History

United States
- Name: Ransom A. Moore
- Namesake: Ransom A. Moore
- Owner: War Shipping Administration (WSA)
- Operator: J. H. Winchester & Company, Inc.
- Ordered: as type (EC2-S-C1) hull, MC hull 2330
- Builder: J.A. Jones Construction, Panama City, Florida
- Cost: $871,631
- Yard number: 71
- Way number: 3
- Laid down: 18 October 1944
- Launched: 21 November 1944
- Sponsored by: Mrs. Emmett Assenheimer
- Completed: 30 November 1944
- Identification: Call sign: ANAU; ;
- Fate: Placed in the National Defense Reserve Fleet, in Beaumont, Texas, 10 May 1952; Sold for scrapping, 31 January 1961, withdrawn from the fleet, 26 July 1961;

General characteristics
- Class & type: Liberty ship; type EC2-S-C1, standard;
- Tonnage: 10,865 LT DWT; 7,176 GRT;
- Displacement: 3,380 long tons (3,434 t) (light); 14,245 long tons (14,474 t) (max);
- Length: 441 feet 6 inches (135 m) oa; 416 feet (127 m) pp; 427 feet (130 m) lwl;
- Beam: 57 feet (17 m)
- Draft: 27 ft 9.25 in (8.4646 m)
- Installed power: 2 × Oil fired 450 °F (232 °C) boilers, operating at 220 psi (1,500 kPa); 2,500 hp (1,900 kW);
- Propulsion: 1 × triple-expansion steam engine, (manufactured by Filer and Stowell, Milwaukee, Wisconsin); 1 × screw propeller;
- Speed: 11.5 knots (21.3 km/h; 13.2 mph)
- Capacity: 562,608 cubic feet (15,931 m^{3}) (grain); 499,573 cubic feet (14,146 m^{3}) (bale);
- Complement: 38–62 USMM; 21–40 USNAG;
- Armament: Varied by ship; Bow-mounted 3-inch (76 mm)/50-caliber gun; Stern-mounted 4-inch (102 mm)/50-caliber gun; 2–8 × single 20-millimeter (0.79 in) Oerlikon anti-aircraft (AA) cannons and/or,; 2–8 × 37-millimeter (1.46 in) M1 AA guns;

= SS Ransom A. Moore =

Liberty ship of WWII

SS Ransom A. Moore was a Liberty ship built in the United States during World War II. She was named after Ransom A. Moore, an American agronomist and professor at the University of Wisconsin-Madison.

== Construction ==
Ransom A. Moore was laid down on 18 October 1944, under a Maritime Commission (MARCOM) contract, MC hull 2330, by J.A. Jones Construction, Panama City, Florida; sponsored by Mrs.

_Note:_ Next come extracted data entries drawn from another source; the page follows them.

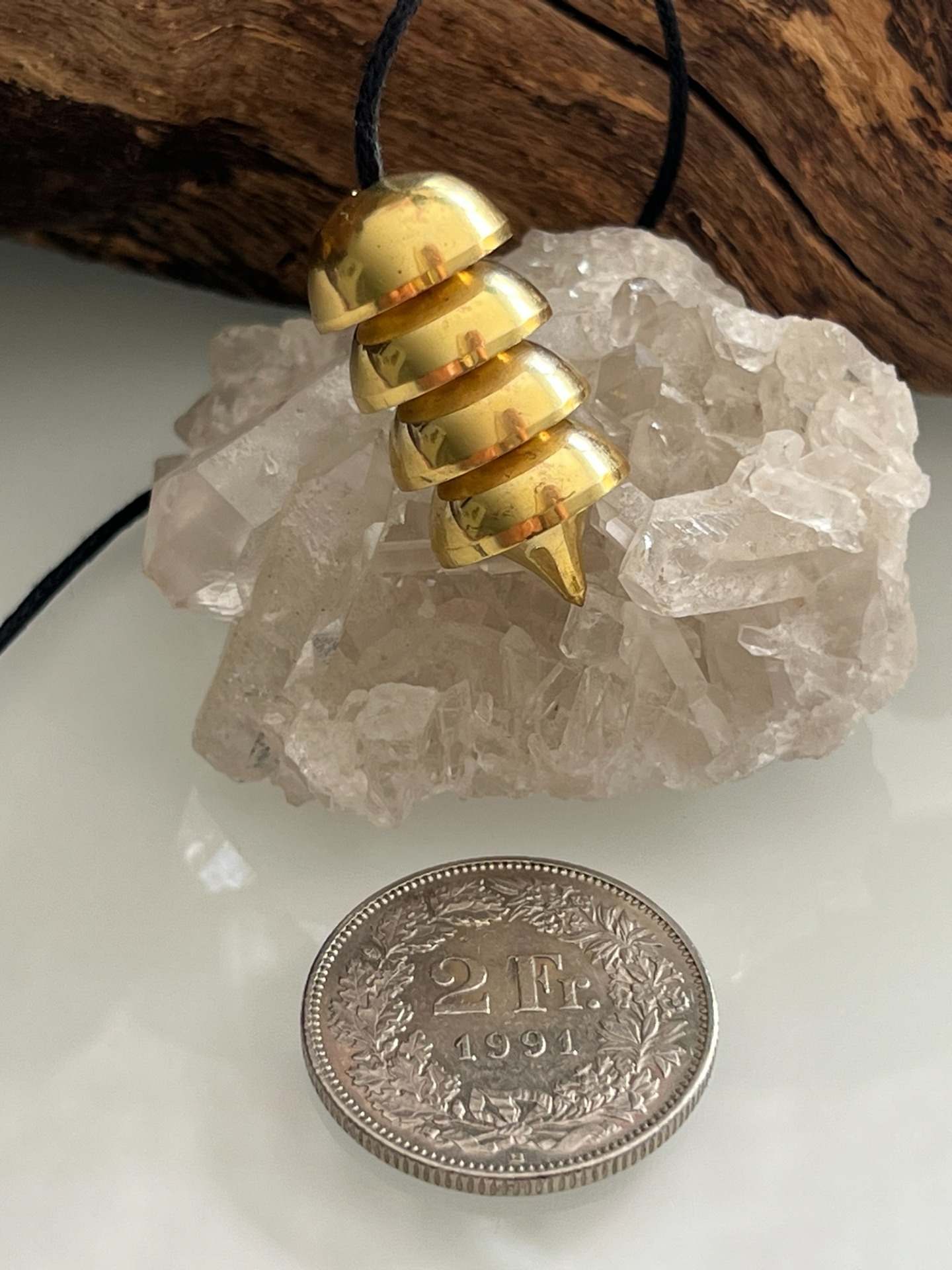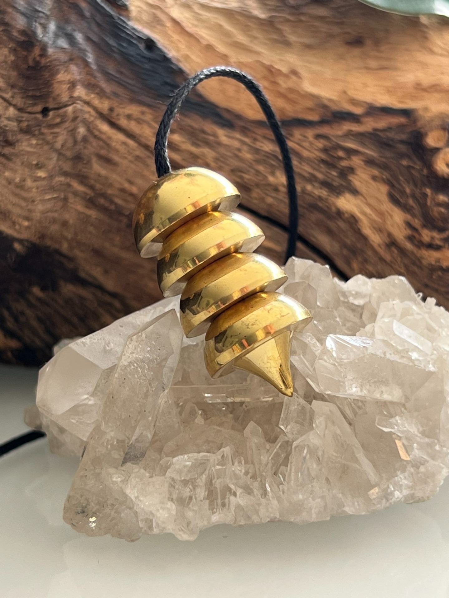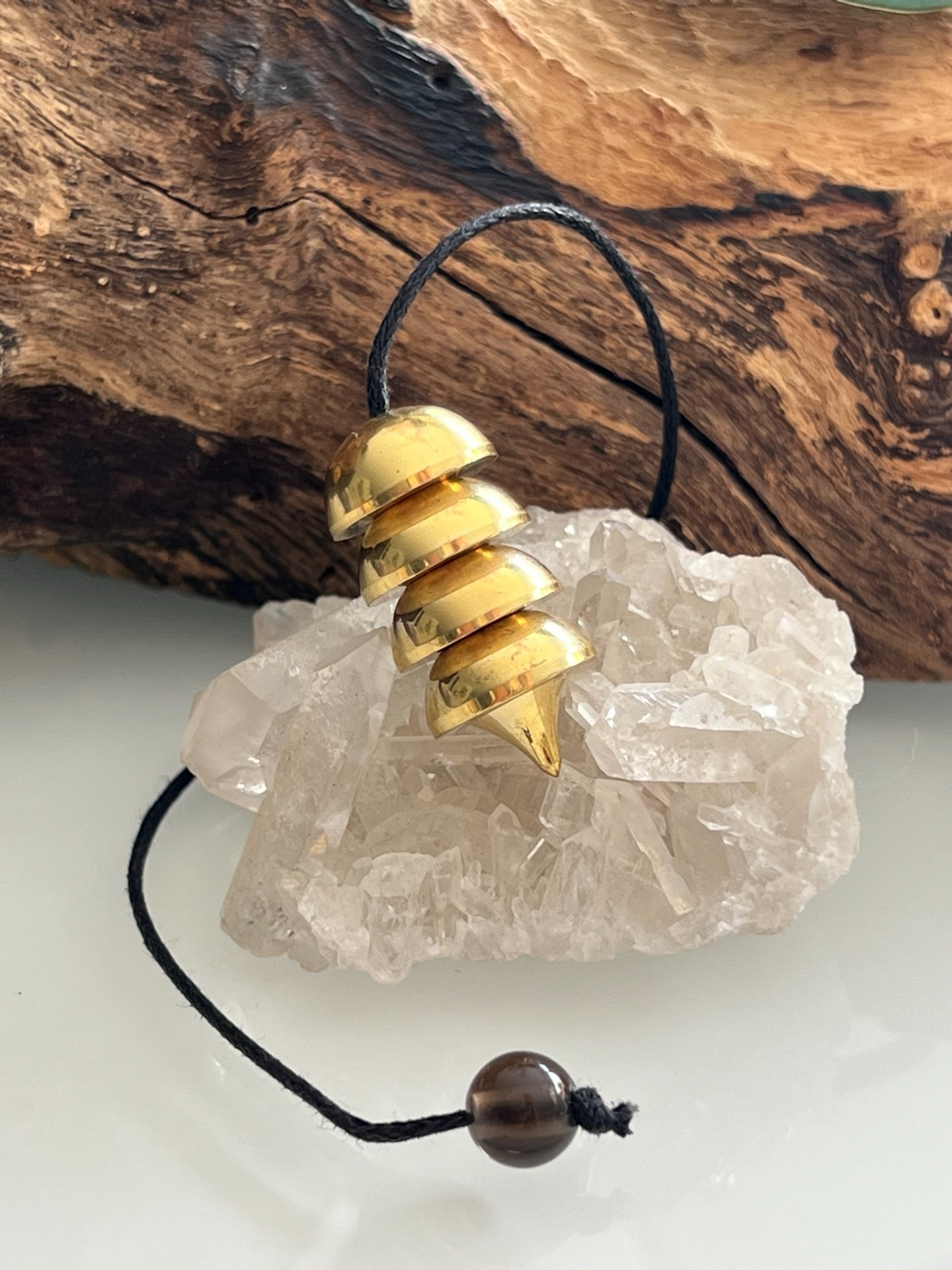 Chaînette en coton ≈ 20 cm • équilibre soigné • chaque pièce est purifiée et harmonisée à son arrivée • chaînette et boule d'extrémité remplacées et adaptées selon la vibration du pendule.
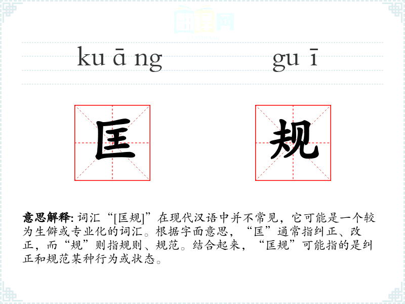- 词源:“匡”和“规”都是古代汉语词汇,具有悠久的历史。
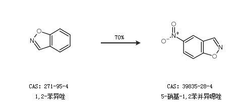 1.通过1,2-苯异唑合成5-硝基-1,2苯并异噁唑,收率约70%;
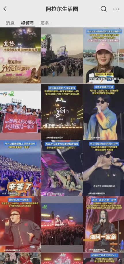 活动期间,浙江广电FM93交通之声,一师融媒体中心、七师融媒体中心、八师融媒体中心、九师融媒体中心、十二师融媒体中心、十四师融媒体中心、阿克苏融媒体中心等融媒体联合打造出现象级宣传矩阵,以音乐嘉年华为依托,大力宣推一师阿拉尔市城市品牌和特色,大屏+小屏、视频、音频、户外广告、流动宣传车层层引爆,全方位助力活动热度“破圈”。一时间,各媒体的微博、微信、抖音、快手、视频号等多平台同步发力,活动话题多次登上热搜、连续霸屏朋友圈,进一步提升阿拉尔城市品牌影响力与文化吸引力。
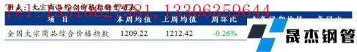 全國大宗商品綜合價格指數(shù)均值為1209.22,環(huán)比下降,降幅0.26%(前值4.39%);同比上升,增幅15.19%(前值17.06%)。
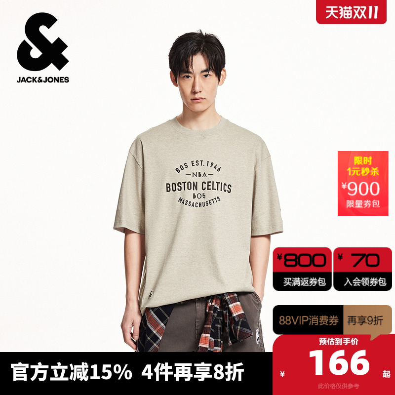 G63砂色花灰色 165/88A/XS 杰克琼斯NBA联名款夏季新款凯尔特人队立体字母纯棉短袖T恤男装
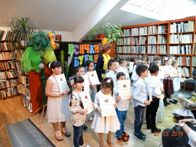 Учениците от I „а”, „б”, „в” и „г” класове и техните учители отбелязаха важен момент от обучението на първокласниците с тържество „Всички букви зная“ . Тържествата се проведоха от 25 до 28 март в Регионална библиотека „Сава Доброплодни”.
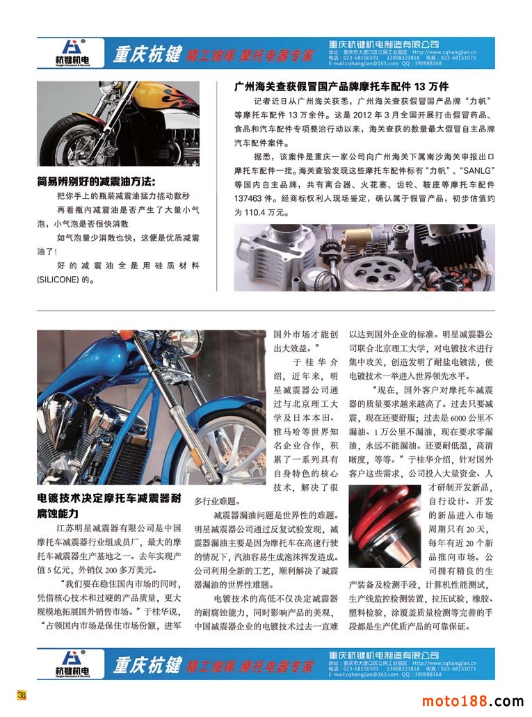 和這些歷經(jīng)風(fēng)雨在摩配行業(yè)堅(jiān)守的同仁們一樣,我們也煉得自信與從容。新的一年我們雜志以全新的面貌出現(xiàn),我們采用全彩色出刊,同時(shí)將我們的服務(wù)對(duì)象橫向延伸。與我們的同仁一樣,立足摩配,橫向拓展,內(nèi)外兼修,努力做好雜志,除了提升外觀品相,更是注重在內(nèi)容上的變化。每期雜志用十頁(yè)左右的文字來(lái)廣角掃描我們摩托車(chē)配件行業(yè)的子行業(yè),這一期推出的是減震器專題。上一期化油器專題出刊以后,不光受到市場(chǎng)的歡迎,有些企業(yè)還把我們的雜志認(rèn)真地收藏保存好,因?yàn)橛胁簧傩畔?duì)于他們的生產(chǎn)、經(jīng)營(yíng)都有一定幫助。對(duì)我們來(lái)說(shuō)也是迫使我們更深入地了解摩配的各個(gè)子行業(yè)。自從前年摩托車(chē)行業(yè)開(kāi)始強(qiáng)制提高排放標(biāo)準(zhǔn)以后,我們片面地認(rèn)為化油器這個(gè)行業(yè)會(huì)被電噴完全取代,這個(gè)產(chǎn)業(yè)是不是已經(jīng)步入到夕陽(yáng)期?通過(guò)編排我們較深刻的對(duì)這一產(chǎn)業(yè)有所了解,制造之地一派欣欣向榮的景象,在我們摩托車(chē)業(yè)需求量減少之時(shí),我們的制造廠已經(jīng)在通機(jī)領(lǐng)域干得風(fēng)生水起,有不少?gòu)S即使擴(kuò)大產(chǎn)能也供不應(yīng)求。當(dāng)?shù)氐胤秸矎倪@個(gè)產(chǎn)業(yè)得到許多實(shí)惠,一個(gè)雙贏的局面,這就是產(chǎn)業(yè)的正能量。其實(shí)市場(chǎng)如何變幻,總有一批做得好的龍頭企業(yè)在努力工作,打造自己的名牌,眼光不僅僅局限面前,更多地瞄準(zhǔn)了國(guó)際市場(chǎng)。中國(guó)制造能漂洋過(guò)海,被國(guó)外消費(fèi)者所接受,正是這樣一批行業(yè)精英為國(guó)家和民族在努力。
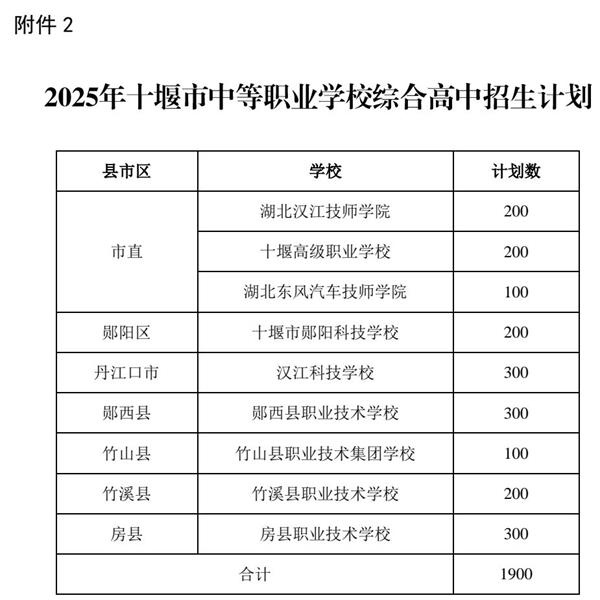 湖北汉江技师学院、湖北东风汽车技师学院和十堰高级职业学校综合高中计划面向城区(含郧阳区)招生。
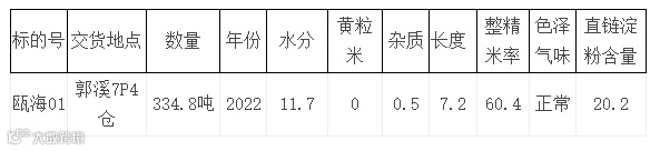 3、质量:“温州市粮油产品质量检测站”所出具检验报告仅作参考,具体质量情况以委托方标的物所在的仓库实物为准,包括质量缺陷、瑕疵,竞买人应在竞价前对标的实际状况进行了解,委托方接受现场看样,一旦进入网上竞价,即表示本人接受标的物一切现状,并对自己的行为承担法律责任。
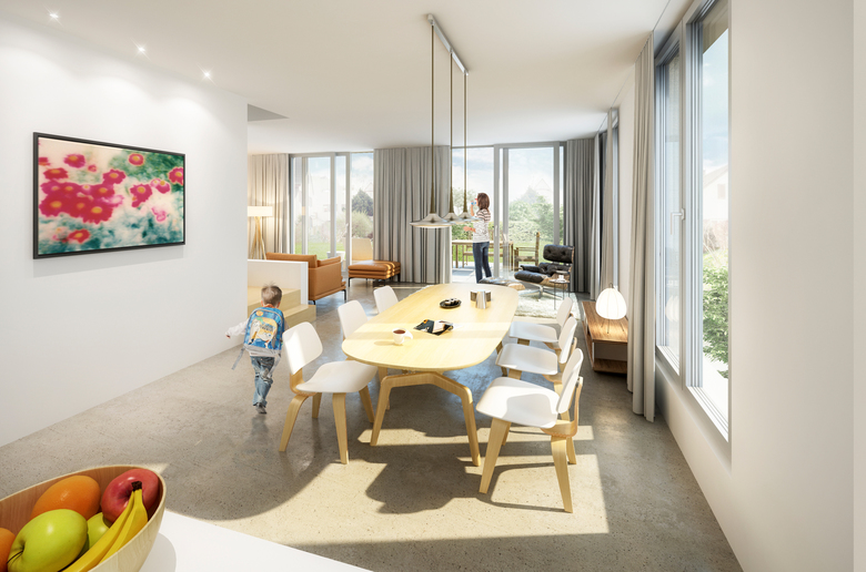 Jede Familie hat ihren eigenen Hauseingang, der von draussen direkt in die privaten Räume führt und das Gefühl des Eigenheims unterstreicht. Jede Partei besitzt zudem mindestens einen exklusiven Aussenraum, private Kellerräume mit eigener Waschküche und unabhängiger Haustechnik sowie einen Parkplatz direkt vor der Haustüre. Die vier Maisonette-Wohnungen sind mit je 4 1/2 Zimmern zwischen 125 m2 und 135 m2 gross, mit jeweils einem grosszügigen Wohn-Ess-Koch- und einem Schlaf-Geschoss mit drei hellen Zimmern und zwei Bädern mit Tageslicht. Die interne Treppe verbindet alle Geschosse. In den Attika-Wohnungen ergänzt ein interner Lift die Erschliessung. Die Attika-Wohnungen besitzen je zwei Dachterrassen, zu den Gartenwohnungen gehört jeweils ein grosszügiger Garten.
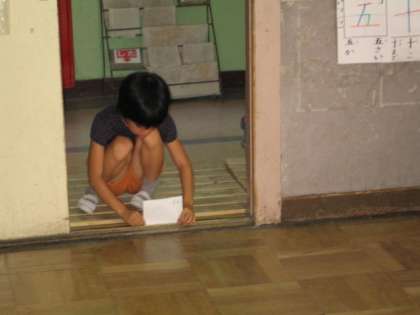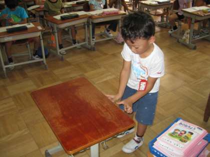 長さくらべの発展として,子ども達が使っている机を横向けに出入り口から出すために,どんな測り方があるか考えました。いろいろな意見がでました。手の指を広げていくつ分か測ったり,はがきの紙を使っていくつ分か測ったりして考えました。これは,ものさしの学習へと発展していきます。このようにして,基礎や基本的な考え方を身につけていきます。
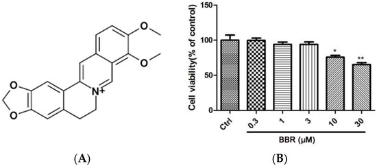 Previously, we successfully created an H2O2-induced RPE cell injury model with D407 cells to screen potential protectants from a library of active components of various Chinese medicines [22]. Berberine (BBR, the structure of BBR is shown in Figure 1A), is a natural alkaloid compound derived from Coptis chinensis, is found to efficiently increase the D407 cells’ viability from the damage caused by H2O2 exposure between various Chinese medicines in our lab. For decades, BBR has been widely used in China as a medication for diarrhea. Various clinical studies conducted in the recent years have shown its therapeutic potential in many types of chronic diseases [23]. Accumulated studies suggested that BBR is endowed with several pharmacological activities, including anti-tumor activity [24], cardiovascular-protective actions [25,26], anti-inflammatory effects [27] and it has also been found to inhibit the expression of inflammatory cytokines in ARPE-19 cells cultured in the presence of TNF-α [28]. In addition, BBR also exhibited various other biological effects such as glucose regulation and lipid metabolism in vitro and in vivo [29,30]. However, whether BBR exerts any protective effects against H2O2 insult in RPE cells and the underlying mechanisms are still unknown.
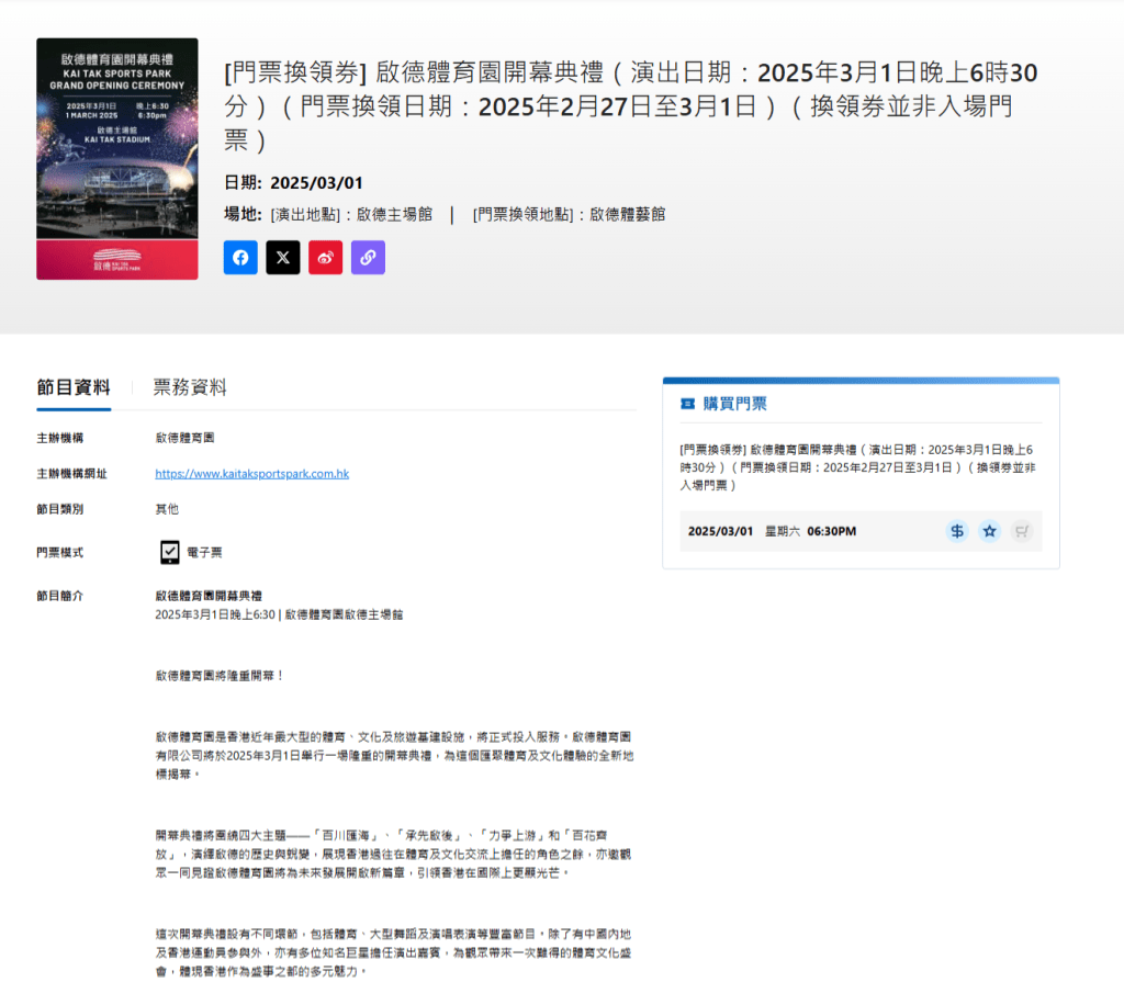 ▲啟德體育園開幕禮門票今早10時(shí)開賣。
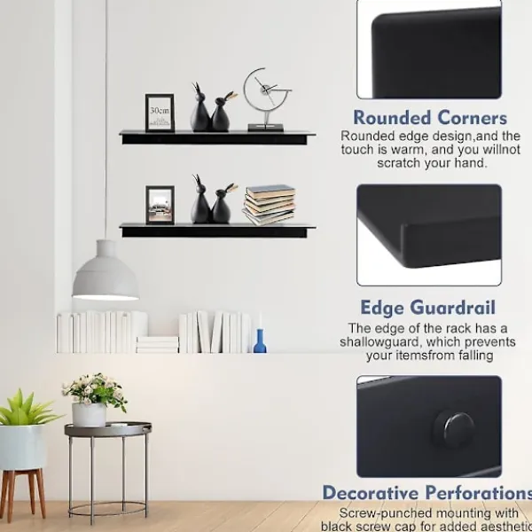 Brett användningsområdeDenna svarta metallvägghylla är lämplig för olika rum och applikationer. Du kan installera den i sovrum, kontor, vardagsrum, kök, badrum och andra kommersiella utrymmen för att visa olika föremål. Den 30 cm svarta vägghyllan med kant är perfekt för att visa konstverk, skivalbum, fotoramar, böcker och leksakssamlingar.
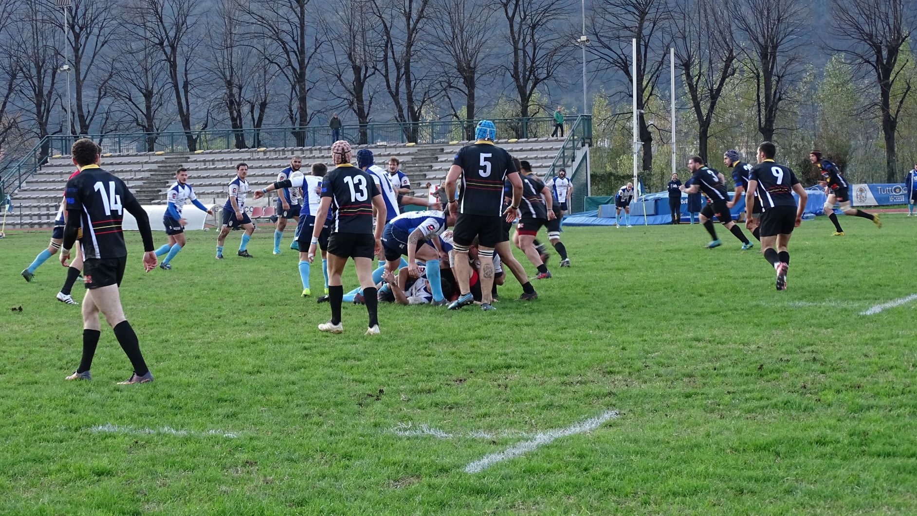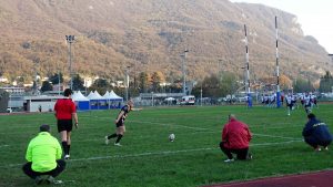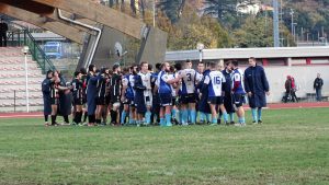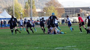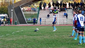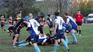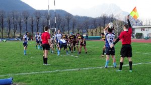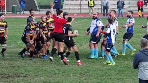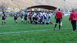 I blucelesti si trovano avanti 5-0 con la prima meta di giornata, poi vengono rimontati con meta e trasformazione degli orobici. Thomas Colombo e compagni reagiscono, trovando una nuova segnatura per il vantaggio 12-7. Bergamo pareggia e intorno alla mezz’ora passa a condurre 19-12, ma il Lecco nel finale di tempo riesce a riequilibrare il risultato con la terza meta della sua partita.

Emmett Assenheimer, the wife of the director of Procurement and Expediting, JAJCC, and launched on 21 November 1944.

==History==
She was allocated to J. H. Winchester & Company, Inc., 30 November 1944. On 1 October 1948, she was placed in the National Defense Reserve Fleet, in Beaumont, Texas.

She was sold for scrapping, 15 March 1970, to Luria Bros. and Co., Inc., for $41,280. She was withdrawn from the fleet, 15 June 1970.